Just established: new neuroscience archives

Partha Mitra pmitra at bell-labs.com
Mon Sep 22 01:01:29 EDT 1997


A neuroscience hierarchy has been established on the e-print 
archive at xxx.lanl.gov.  This is an established archival site,
sponsored by the NSF, that currently receives over 20,000
preprints and reprints each year, mostly in physics. Data rich
research communities, such as astrophysics, are able to publish 
important sets of data (or links to the larger sets) in a 
central, easily accessible location.

Some background information about the impact that the archive 
has had on physics and some related fields is available at

        http://xxx.lanl.gov/blurb/sep96news.html

The site is primarily a means for efficient distribution and 
archival.

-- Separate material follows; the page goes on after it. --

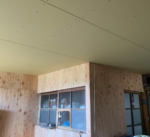 また、下屋の部分は合板と石膏ボードで壁と天井を造作して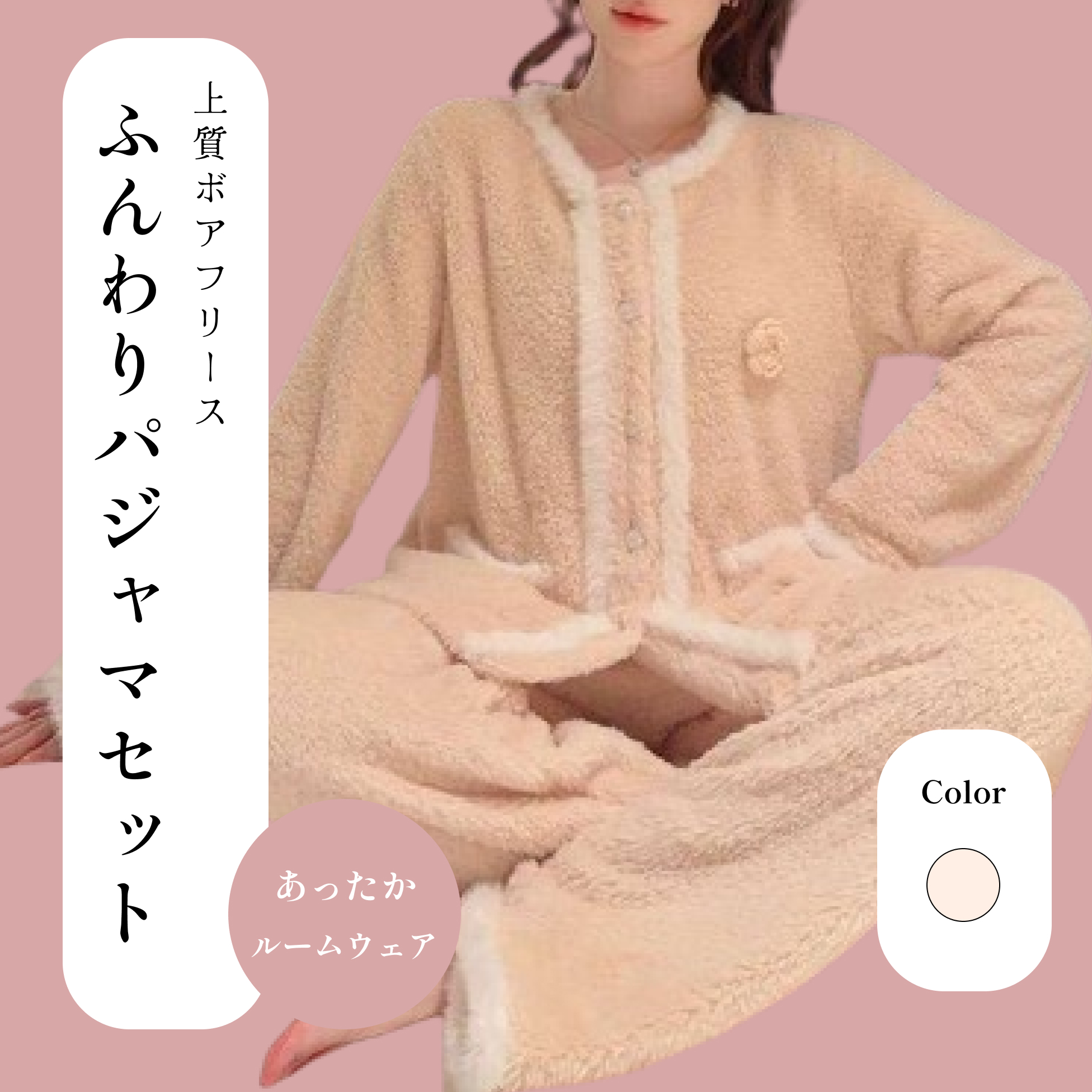 ふんわり柔らかな肌触りの上質なボアフリース素材を使用したルームウェア。胸元のワンポイント刺繍がアクセントに。暖かさと快適さを兼ね備えた上下セットで、部屋着としてはもちろん、ちょっとした外出にも活躍する一着です。

Submissions are not reviewed (although "response"
papers can be submitted), and so it does not replace conventional
journals.  Experience with the existing archives suggests that
submissions tend to maintain a high level of scholarship.

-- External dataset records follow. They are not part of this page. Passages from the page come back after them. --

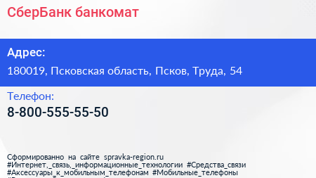 СберБанк, банкомат по адресу 180019, Псковская область, Псков, Труда, 54 в дальнейшем Организация, размещена в следующих категориях: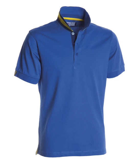 Krátký rukáv, zapínání na 3 knoflíčky (tón v tónu), na límci kontrastní pruh, vnitřní knoflíková léga a boční rozparky v kontrastní barvě, na pravém rukávu svislý úzký proužek v kontrastní barvě, žebrované manžety, výztužná páska za krkem
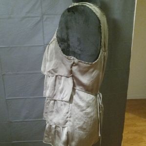 Green metallic drape ruffles, decorated see through top area, and tie up at the back of blouse. Dress up blouse

We suggest that there are a number of benefits that the 
neuroscience community might expect to obtain from this archive:

* The archives provide a means of rapid and widely accessible
dissemination of research results in the form of preprints or reprints.

* Shorter notes, algorithms, or interesting data sets (with a short
descriptive abstract) can be published independently of long papers
and thus speed the distribution of important information.

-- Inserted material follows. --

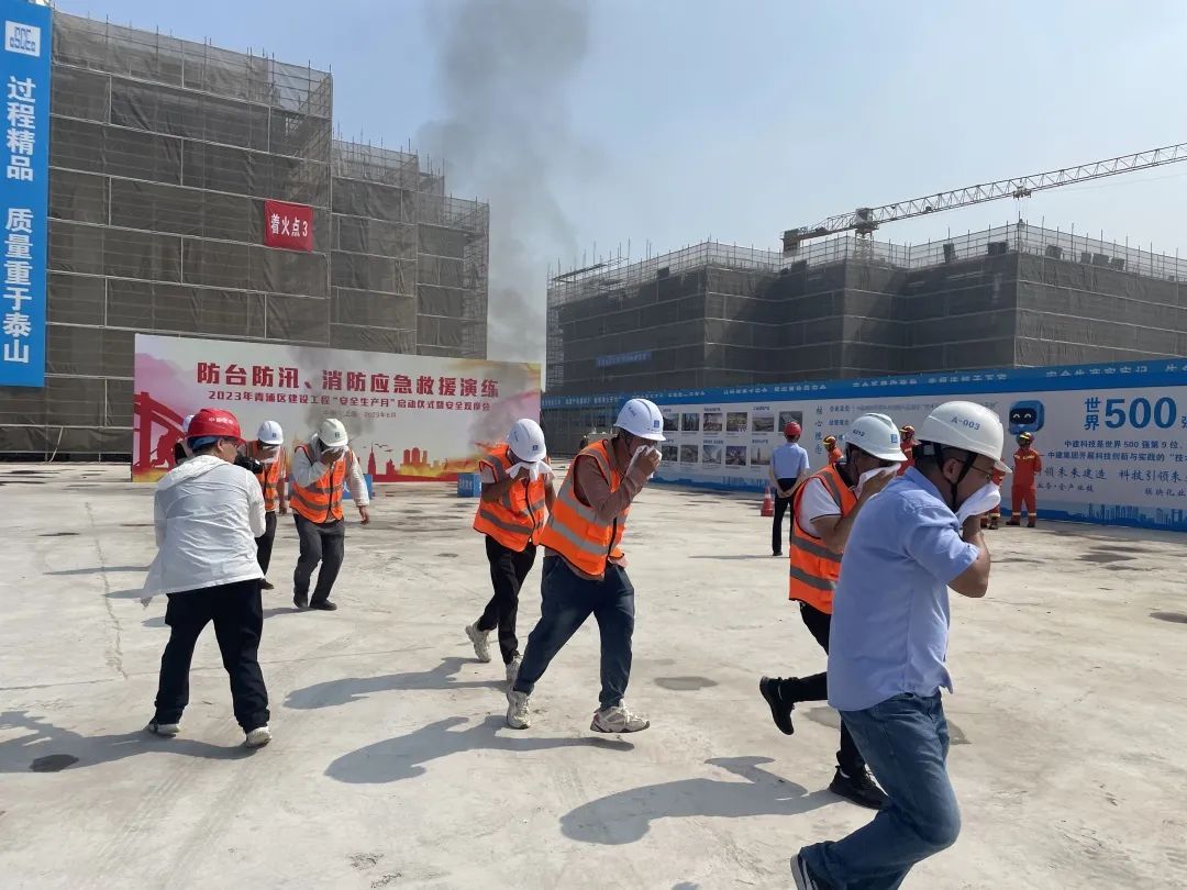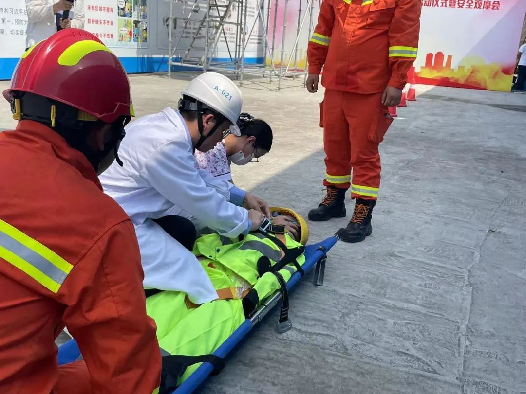 活动现场,上海医都医院项目建设单位——中建科技集团有限公司就施工现场的火患消防、防台防汛、高处坠落等突发事故处置开展了应急演练。当应急事件发生时,项目部第一时间启动应急预案,有序疏散作业工人并开展现场自救,并与随后抵达的消防、医疗等专业救援人员高效对接。各项演练均响应迅速、汇报清晰、处置步骤紧张有序、应急物资正确使用,体现了该项目施工单位较高的应急处置能力,以及现场作业人员较高的安全意识和素养,给观摩各方留下了深刻的印象。

* The archive provides a central resource to make available important
raw data sets for further scrutiny.  For lengthy data sets, a short
description with appropriate hyperlinks will be appropriate.

* Technical reports, either on computational, instrumental, or
preparatory procedures, can be made widely available.

* Conference proceedings papers that aren't indexed or that don't
receive wide distribution will be easily accessible.

* The archive is mirrored in 14 different countries that are spread
across the globe, with the network still growing.  In particular, 
in countries where the costs of institutional subscriptions to journals 
are impractical, the archive has become the primary research source.

There are three subcategories in the Neuroscience group, following the
example of the Journal of Neuroscience:

* 'neuro-cel' for Molecular/Cellular Neuroscience
* 'neuro-sys' for Behavioral/systems Neuroscience
* 'neuro-dev' for Developmental Neuroscience

A computational or theoretical category has been initially avoided
in order to keep theoretical, modeling and analysis studies mixed in
with the experimental work.

To reach the front pages for the archives connect to

        http://xxx.lanl.gov/archive/neuro-cel
or
        http://xxx.lanl.gov/archive/neuro-sys
or
        http://xxx.lanl.gov/archive/neuro-dev

Papers may be uploaded in a variety of formats (TeX and LaTeX are
preferred;
PostScript that is generated as a print file by Microsoft Word is
acceptable), which are then automatically converted to various
file types for downloading.  Instructions for both submission and
retrieval are available from the web site. In particular, see
http://xxx.lanl.gov/faq/.

---------
The neuroscience archives were initiated as a subcategory 
of the existing e-print archives at LANL during the
Analysis of Neural Data Workgroup 
(see http://sdphln.ucsd.edu/research/neurodata/)
at the Marine Biological Laboratories, sponsored by the 
National Institutes of Mental Health.
The e-print archives at the Los Alamos National Laboratory 
are supported by the U.S. National Science Foundation.